1. Fix freshly dissected tissue (<3mm thick) with 2% paraformaldehyde from 1h to overnight at room temperature.
2. Rinse the tissue with running tap water for 5 min.
3. Dehydrate the tissue through 70%, 80%, 95% alcohol, 5 min each, followed with 3 times of 100% alcohol, 5 min each.
4. Cleared the tissue in xylene for 2 times, 5 min each.
5. Immerse the tissue in paraffin for 3 times, 5 min each.
6. Embed the tissue in a paraffin block. The paraffin tissue block can be stored at room temperature for years.
7. Section the paraffin-embedded tissue block at 5-8 μm thickness on a microtome and float in a 40°C water bath containing distilled water.
8. Transfer the sections onto glass slides suitable for immunohistochemistry. Allow the slides to dry overnight and store slides at room temperature until ready for use.
9. Deparaffinize slides in xylene for 2 times, 5 min each.

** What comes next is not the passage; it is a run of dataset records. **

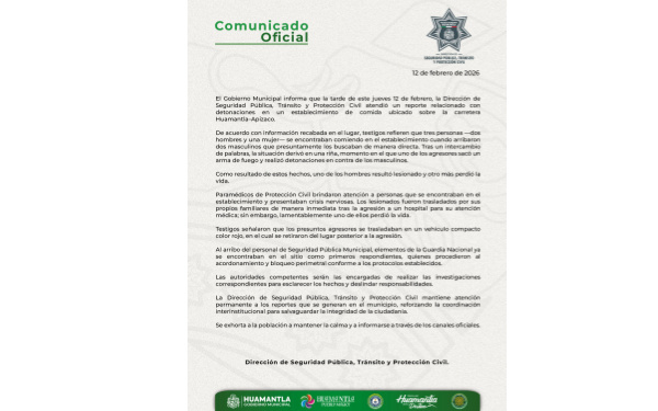 385 Grados / Huamantla / REDACCIÓN / El Gobierno Municipal informa que la tarde de este jueves 12 de febrero, la Dirección de Seguridad Pública, Tránsito y Protección Civil atendió un reporte relacionado con detonaciones en un establecimiento de comida ubicado sobre la carretera Huamantla–Apizaco.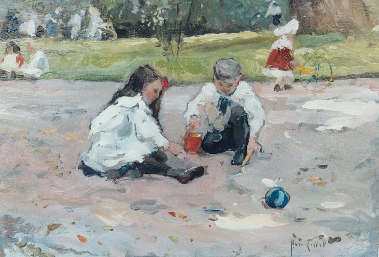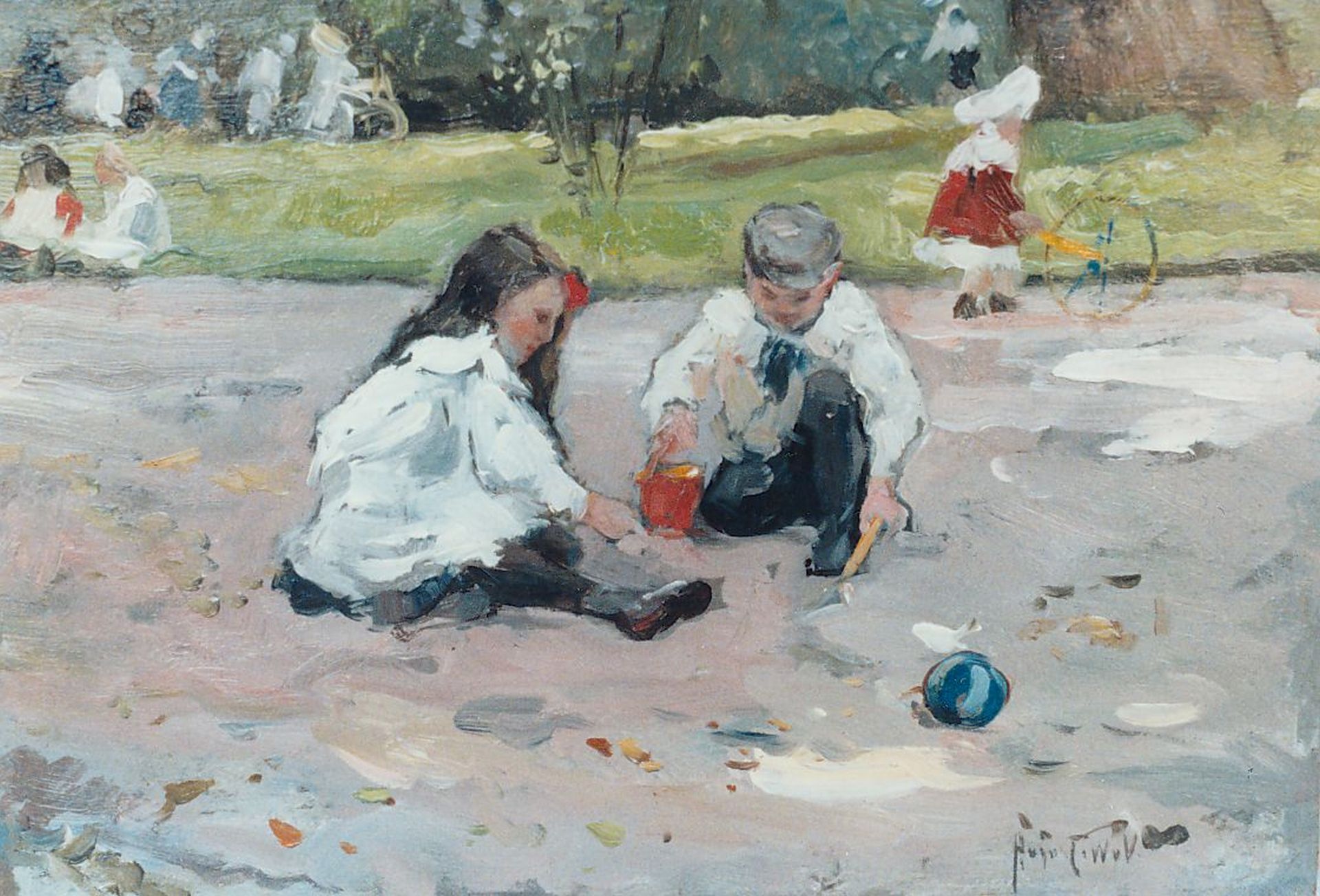 August van Voorden Kunstwerk • Gemälde • zuvor zu verkaufen Children playing in a parc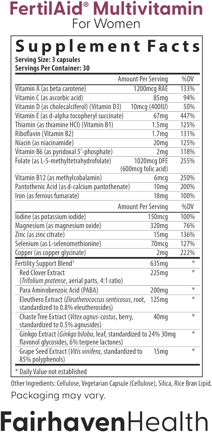 FERTILAID FOR WOMEN COMBINES THE WELL-KNOWN HERBAL INGREDIENTS Vitex, Red Clover and Ginkgo biloba with Iron, MethylFolate (Folic Acid), Iodine, and Other Key Vitamins for Prenatal Wellness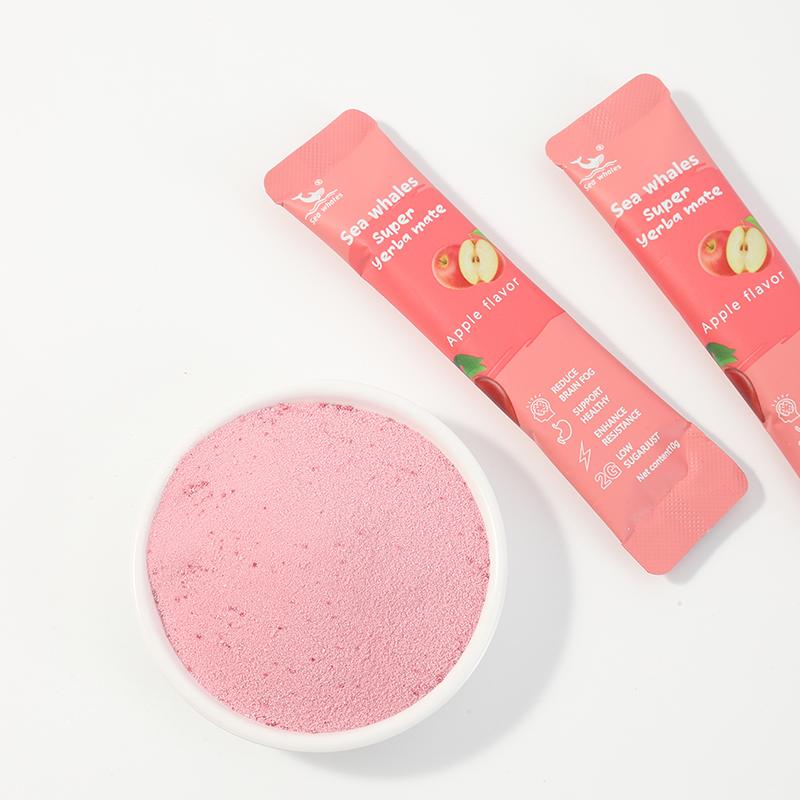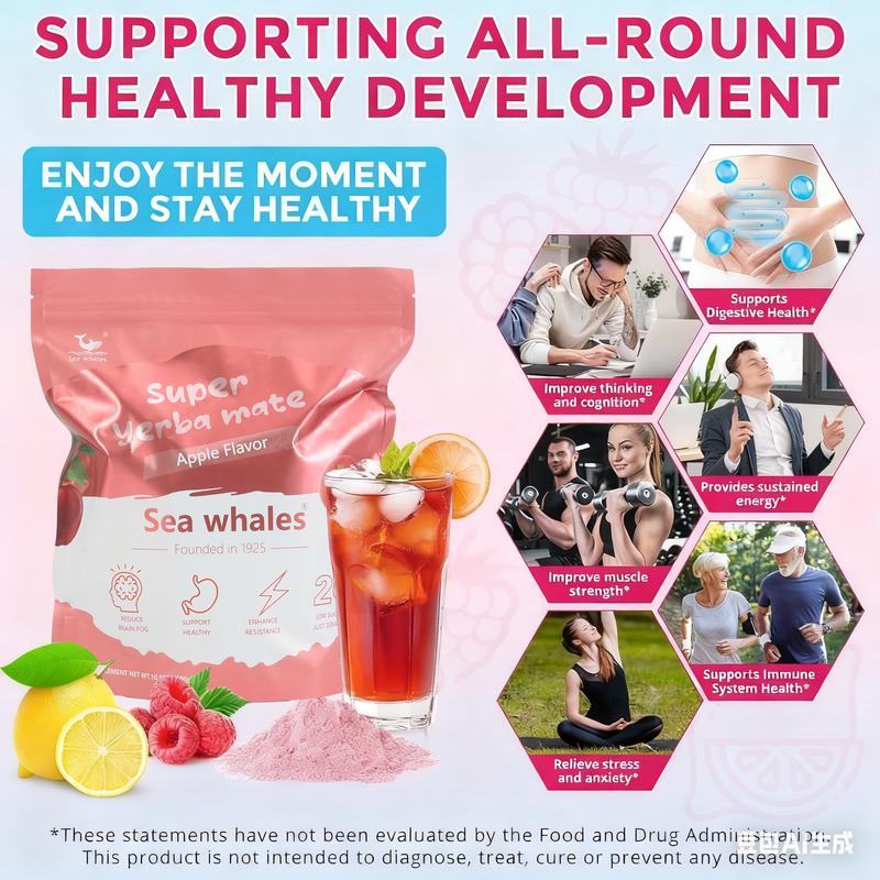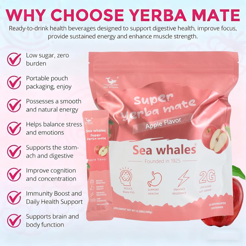 Sea Whales Super Yerba Mate Instant Tea Powder Apple Flavor 30 Packets Rich in Prebiotics & Probiotics Boost Energy Enhance Focus Gut Health Supplements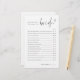 Rompe el hielo con este juego "¿Cuánto conoces a la novia?" que pide a los invitados que respondan preguntas sobre la novia y sumen el número correcto. Utilice la herramienta de diseño para personalizar las preguntas si lo desea, o cambie los colores para que coincidan con el tema de la ducha de la novia.

10. Transfer slides to 100% alcohol, for 2 times, 3 min each, and then transfer once through 95%, 70% and 50% alcohols respectively for 3 min each.

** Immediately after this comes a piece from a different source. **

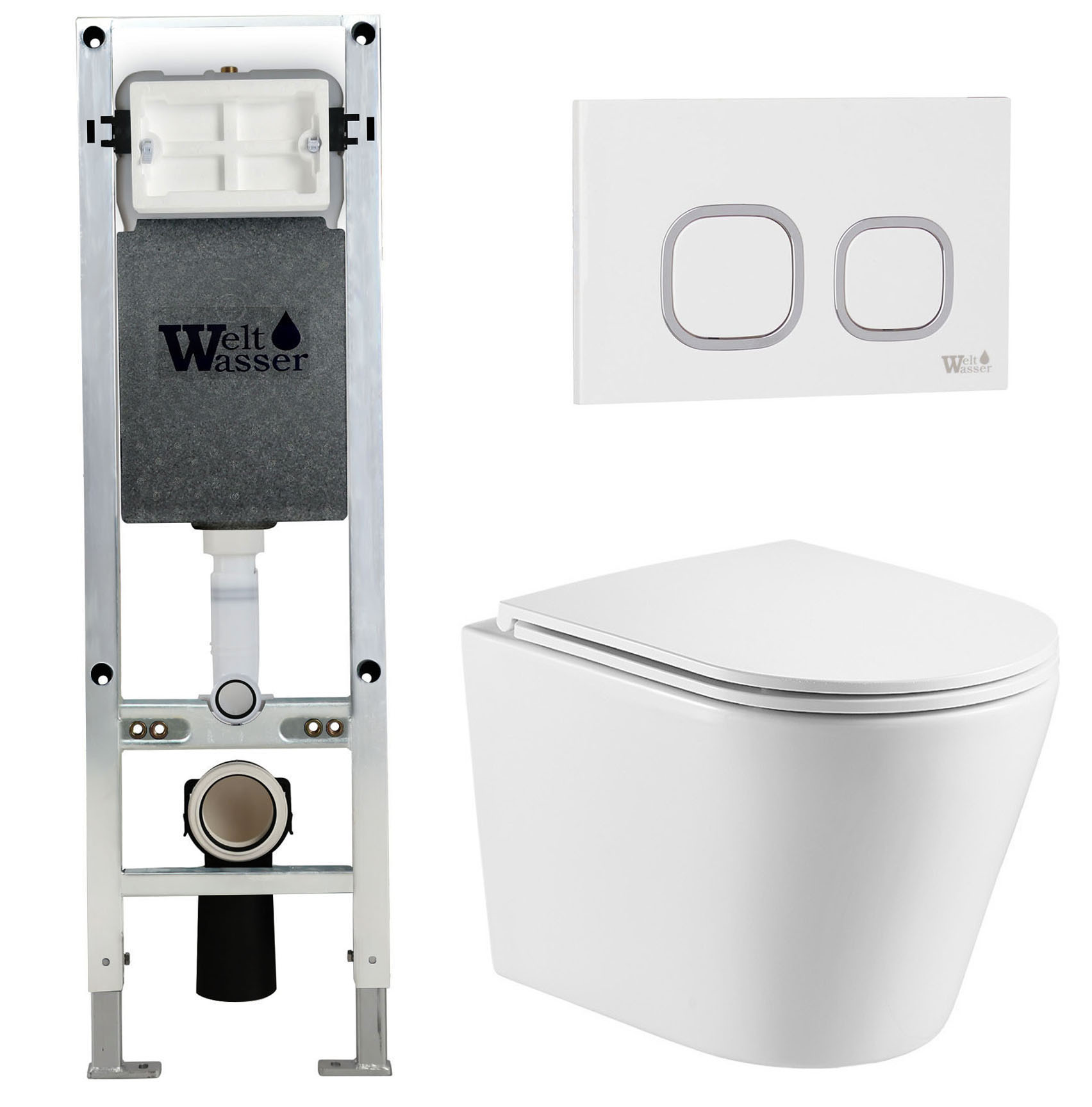 Комплект Welt-Wasser AMBERG 350 ST + SALZBACH 043 GL-WT + AMBERG RD-WT с белой клавишей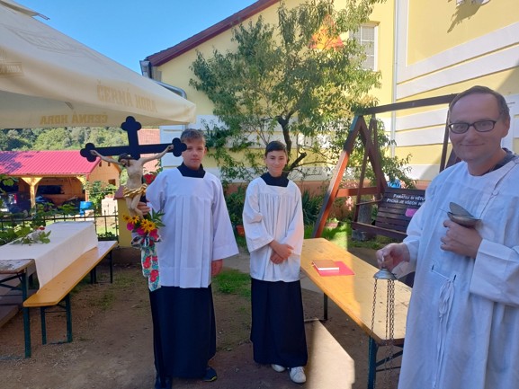 Slavnostní dopoledne bylo zakončeno pohoštěním na farním dvoře pro všechny, kteří chtěli přijít.

11. Block endogenous peroxidase activity by incubating sections in 3% H2O2 solution in methanol at room temperature for 10 min to block endogenous peroxidase activity.
12. Rinse with PBS for 2 times, 5 min each.
13. (Optional, recommended) Perform antigen retrieval to unmask the antigenic epitope. The most commonly used antigen retrieval is a citrate buffer method. Arrange the slides in a staining container. Pour 300 ml of 10 mM citrate buffer, pH 6.0 into the staining container and incubate it at 95-100°C for 10 min (optimal incubation time should be determined by user). Remove the staining container to room temperature and allow the slides to cool for 20 min.
14. Rinse slides with PBS for 2 times, 5 min each.
15. (Optional) Add 100 μl blocking buffer (e.g. 10% fetal bovine serum in PBS) onto the sections of the slides and incubate in a humidified chamber at room temperature for 1 h.
16. Drain off the blocking buffer from the slides.
17. Apply 100 μl appropriately diluted primary antibody (in antibody dilution buffer, e.g. 0.5% bovine serum albumin in PBS) to the sections on the slides and incubate in a humidified chamber at room temperature for 1 h.
18. Wash the slides with PBS for 2 times, 5 min each.
19. Apply 100 μl appropriately diluted biotinylated secondary antibody (using the antibody dilution buffer) to the sections on the slides and incubate in a humidified chamber at room temperature for 30 min.
20. Wash slides with PBS for 2 times, 5 min each.
21. Apply 100 μl appropriately diluted Sav-HRP conjugates (using the antibody dilution buffer) to the sections on the slides and incubate in a humidified chamber at room temperature for 30 min (keep protected from light).
22. Wash slides with PBS for 2 times, 5 min each.
23. Apply 100 μl DAB substrate solution (freshly made just before use: 0.05% DAB - 0.015% H2O2 in PBS) to the sections on the slides to reveal the color of antibody staining. Allow the color development for < 5 min until the desired color intensity is reached. (Caution: DAB is a suspect carcinogen. Handle with care. Wear gloves, lab coat and eye protection.)
24. Wash slides with PBS for 3 times, 2 min each.
25. (Optional) Counterstain slides by immersing sides in Hematoxylin for 1-2 min.
26. Rinse the slides in running tap water for 10 min.
27. Dehydrate the tissue slides through 4 times of alcohol (95%, 95%, 100% and 100%), 5 min each.
28. Clear the tissue slides in 3 times of xylene and coverslip using mounting solution. The mounted slides can be stored at room temperature permanently.
29. Observe the color of the antibody staining in the tissue sections under microscopy.